## Given material

↓

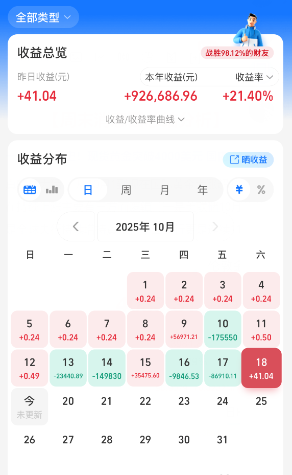 十月份才开始一周,大部分人已经把一个月赚的全部亏完,甚至有说今年已经开始亏损的,A股是这样的,最近跌的主要是科技板块,科技板块弹性大,都是几天能把一个月跌完,这个其实没啥说的,因为每个人进场的时间不一样,体感自然不同,盈亏也不同,当下最重要的是保持好心态, 今年大龙基还盈利100万所以抗的住,爱咋咋地地,天塌不下来!有大龙顶着!一起加油冲冲冲!
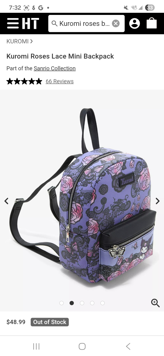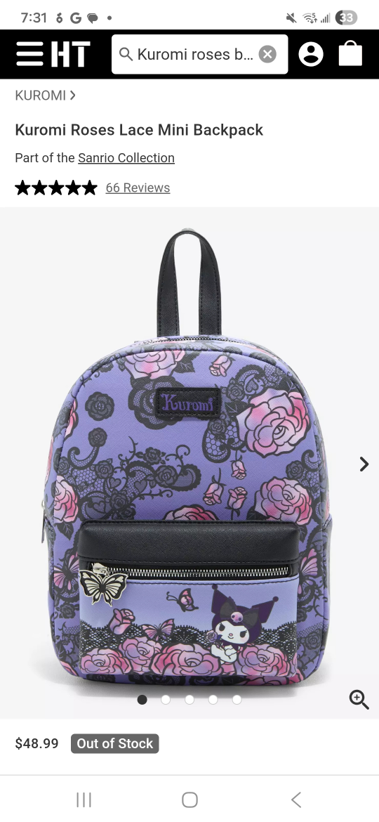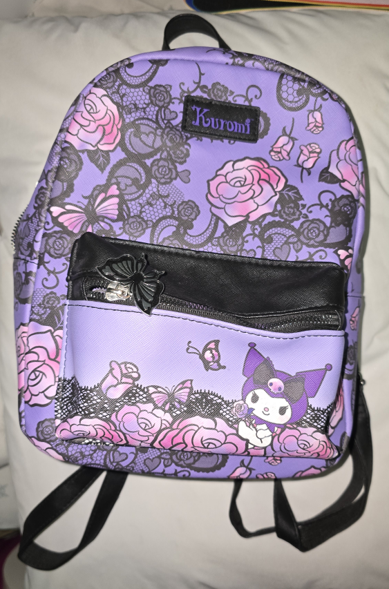 Super cute Kuromi Mini Backpack! It's in like new condition and features a lovely design with roses, butterflies and lace. Perfect for carrying your essentials in style!
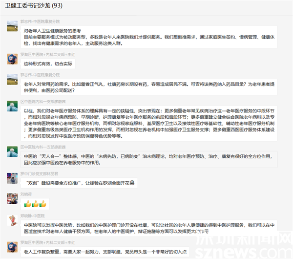 此次沙龍活動在一個小時內(nèi),收到各書記參與討論的信息超過200條,大家參與情緒熱烈。下一步,羅湖區(qū)委衛(wèi)生健康工委將把此次“書記沙龍”提出的好建議作為下一步老年健康服務(wù)工作的改進方向,力促沙龍形成的經(jīng)驗、思路切實轉(zhuǎn)化為實際舉措和工作亮點,在黨建業(yè)務(wù)融合、健康共建共治、探索創(chuàng)新實踐上持續(xù)發(fā)力,不斷提升群眾的滿意度和獲得感,真正成為群眾的“暖心人”“貼心人”。
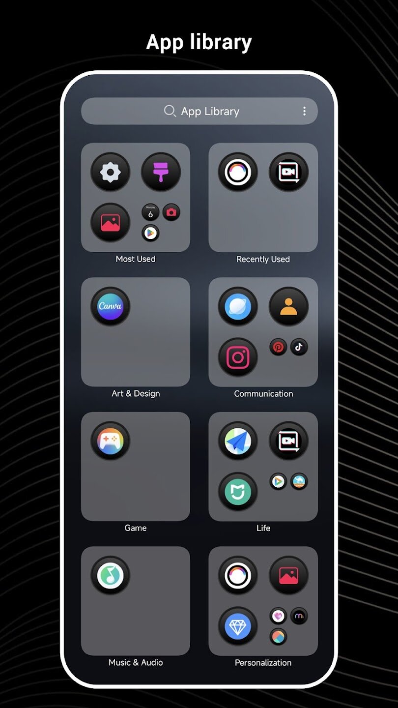 Black OS Launcher — это настраиваемый лаунчер для Android, который преобразует интерфейс вашего устройства с помощью элегантного дизайна в темных тонах.

↑

## Assignment
Output the data above exactly, beginning at its first line and ending with the line that holds "Super cute Kuromi". Leave out the pictures and add nothing.

## Answer section
 十月份才开始一周,大部分人已经把一个月赚的全部亏完,甚至有说今年已经开始亏损的,A股是这样的,最近跌的主要是科技板块,科技板块弹性大,都是几天能把一个月跌完,这个其实没啥说的,因为每个人进场的时间不一样,体感自然不同,盈亏也不同,当下最重要的是保持好心态, 今年大龙基还盈利100万所以抗的住,爱咋咋地地,天塌不下来!有大龙顶着!一起加油冲冲冲!
 Super cute Kuromi Mini Backpack! It's in like new condition and features a lovely design with roses, butterflies and lace. Perfect for carrying your essentials in style!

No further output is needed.